The responsibility for the movie’s structural problems lies more with the composer than the conductor. After all, the success or failure of the movie’s central, genre-busting conceit rests solely upon the shoulders of Damien’s character, and, alas, he hasn’t quite the weight or the heft to carry the burden. He feels more like a cipher than a real guy; a blank-faced agent of plot. As a consequence his breakdown, and subsequent breakthrough, feels hollow and unearned.

It perhaps would’ve served the story better had Damien’s sense of horror been wedded to some disturbing pattern from his or his family’s past, or had sprung from some long-buried guilt or shame. As it stands Damien is nothing more than a mildly narcissistic man-child who’s reluctant to grow up and sheath his shaft, like most of LA’s aspiring entertainers, and, I’d wager, a significant portion of the planet’s male population. His journey, like him, is shallow, whatever he appears to have learned about love by the end of the movie.
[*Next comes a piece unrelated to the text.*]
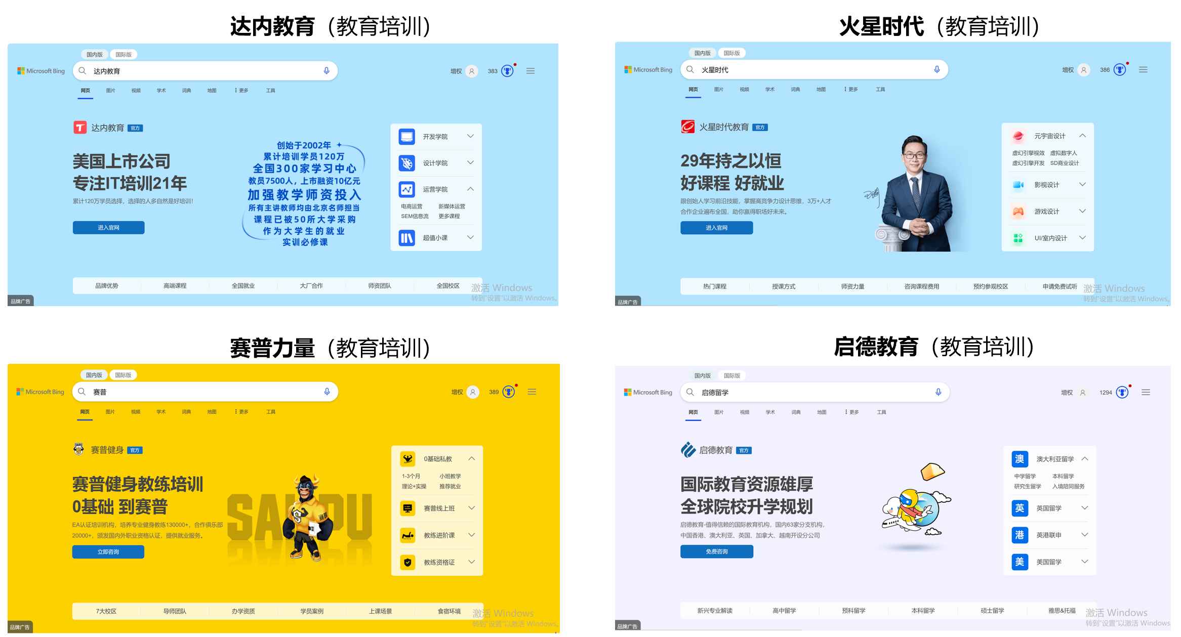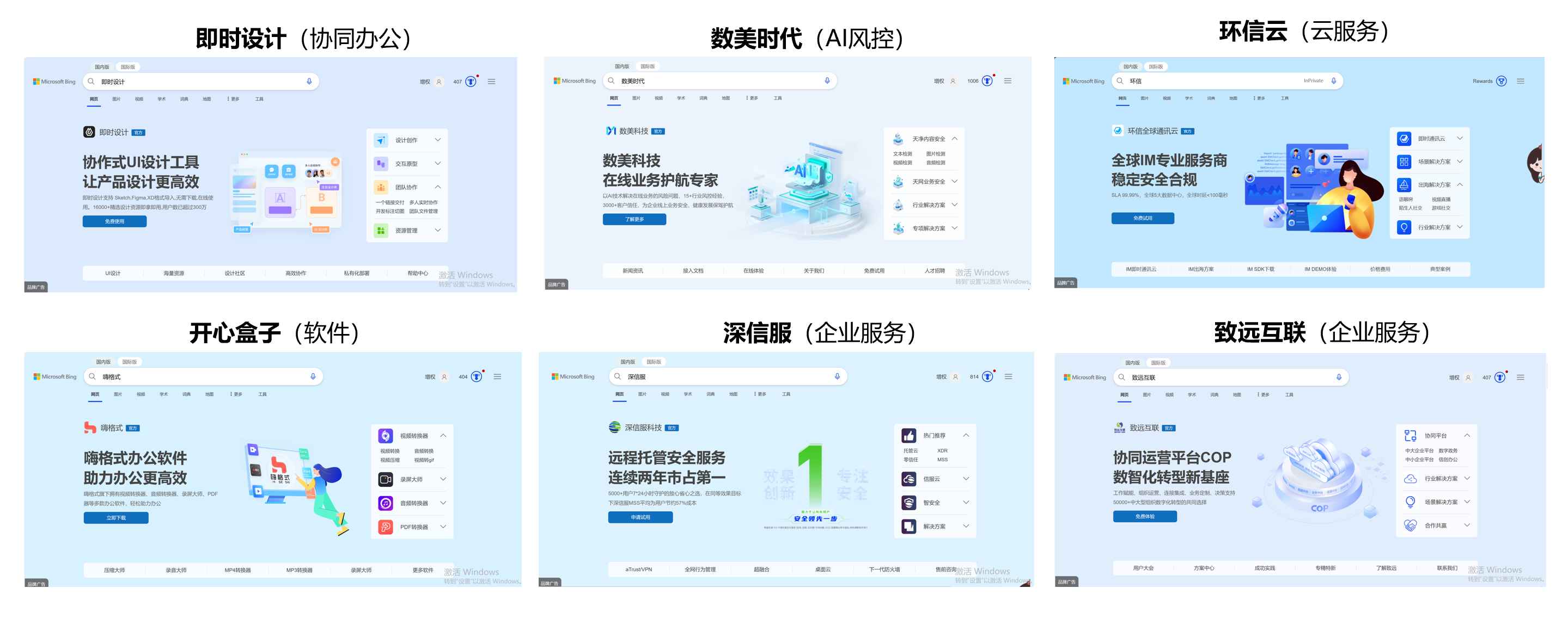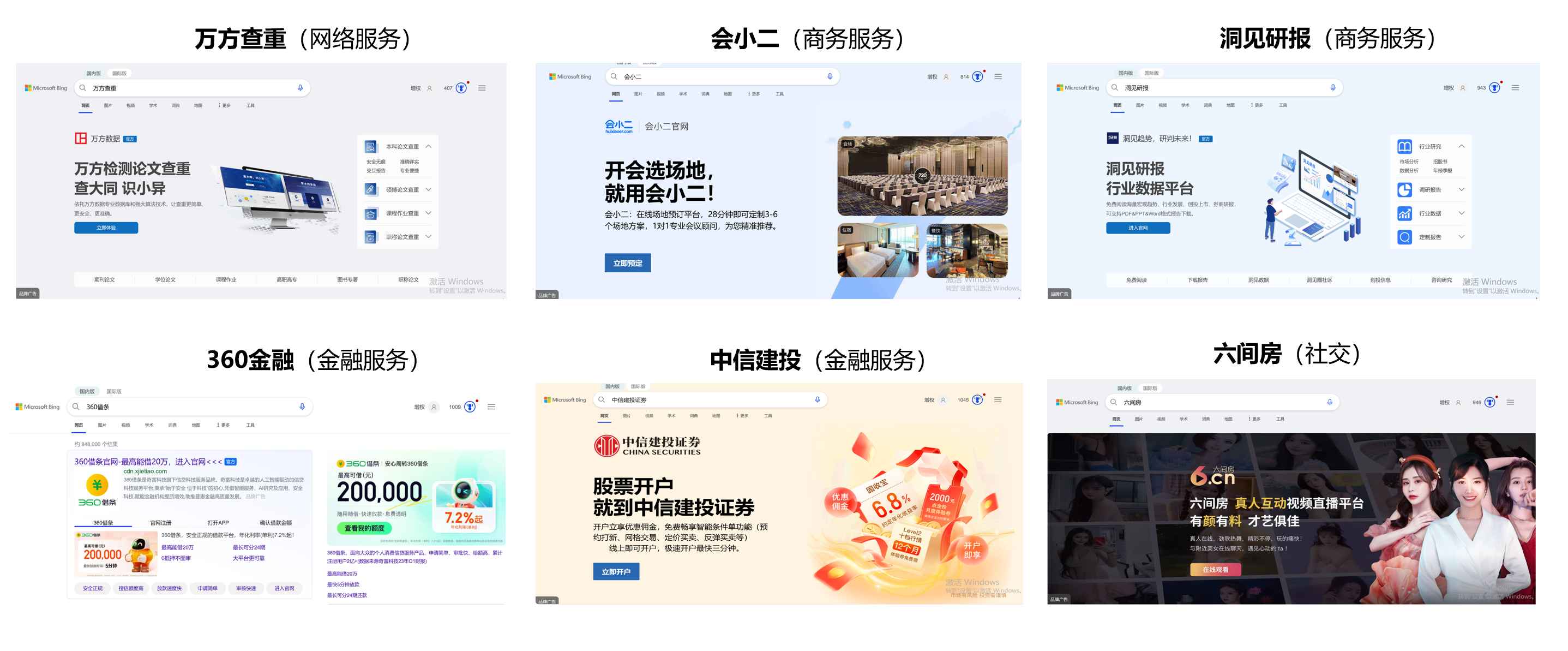 Bing BZA产品线(品牌专区广告)部分重点合作客户呈现

Tyler Cole makes up for the short-fall in tone and theme by really throwing himself into his role as director, clearly relishing the opportunity here to flex his creative muscles. He must’ve felt like an actor whose agent had secured him every single role in a movie, the chance to run free and do, and be, everything at once.
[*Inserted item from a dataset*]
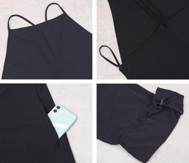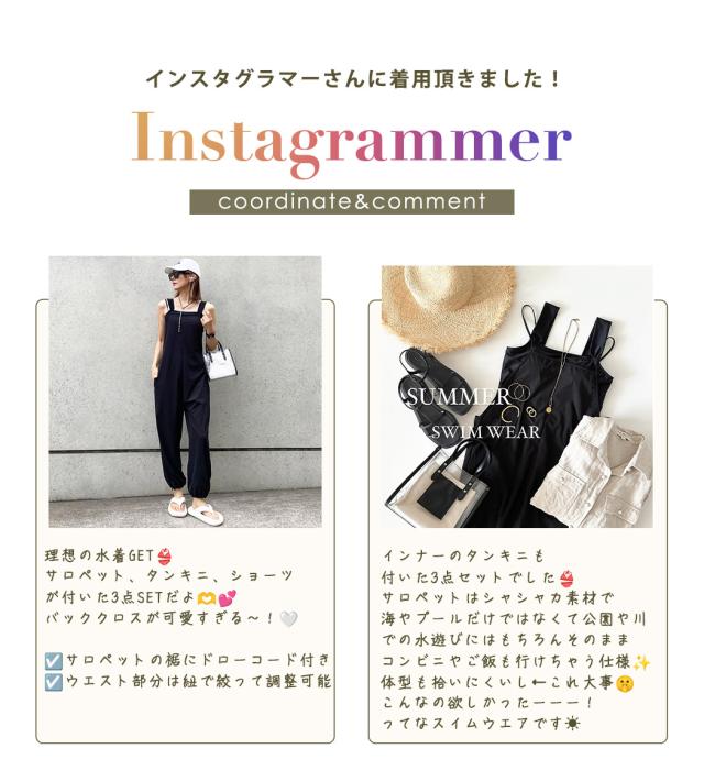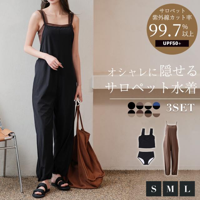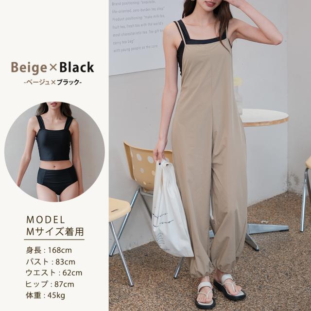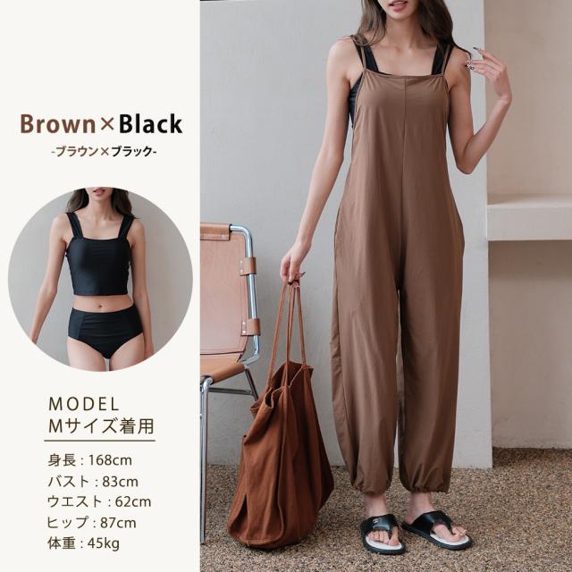 タンキニ水着 レディース 体型カバー水着 ラッシュガード 素材 キャミソール サロペット 3点セット おしゃれ パッド付き スポーティ 黒 ポケット ドローコード ウエスト ヒップ 太もも 脚 カバーアップ UVカット 紫外線対策 接触冷感 UPF50+ ママ水着
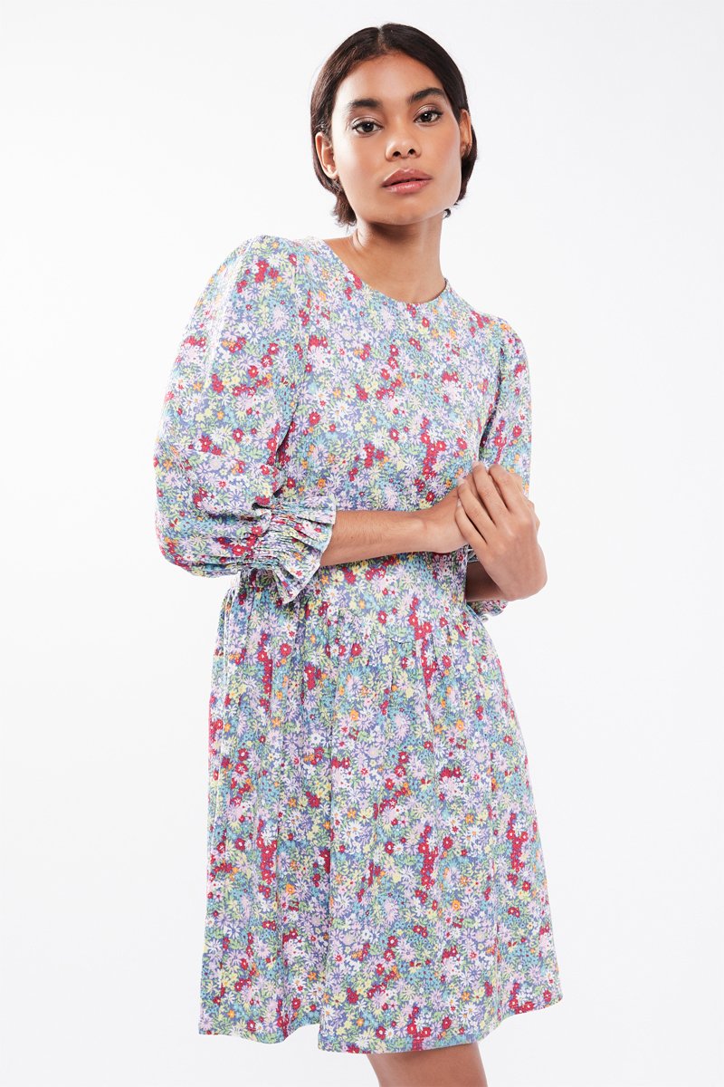 Abito a campana - Celeste e malva

As Cole deftly jiggles, juggles and muddles the aesthetics of three distinct genres, it’s hard not to see the finished movie as an extended demo reel for his extensive talents. This could well be Tyler Cole’s ‘Scott Derrickson’ moment (a director whose path led him from Hellraiser: Inferno to Doctor Strange).

Cole’s use of light, and lighting, is particularly strong – bathing the dingy rooms and corridors of Aaron’s apartment complex in the red and blue hues of his shifting moods – as is his understanding of how to build and release tension, all of which serves the eerier moments well. He also knows how to get under your skin with a good jump-scare.

It’s just a pity that the movie makes you feel terror more effectively than it does relief and happiness for the protagonist’s plight.

Who knows? Maybe that’s an apt description for love in the real world, too.

THE VERDICT

Philophobia: or the Fear of Falling in Love might not inspire you to tattoo yourself with its logo, but you won’t come away feeling short-changed.

It begs repeating that this is a first-time movie whose creators should be celebrated for their tenacity and dedication; whose vision and ambition should be applauded. Just because I judge it to have failed in some of its loftier aims, doesn’t mean that I consider it a failure. Far from it. It’s raw. Brave. Bold. Original. Haunting in places, hysterical in others.

It’s clear that Burt and Cole are both going places. Don’t be frightened to join them on the first leg of their journey.

You might very well end up falling in love with their work.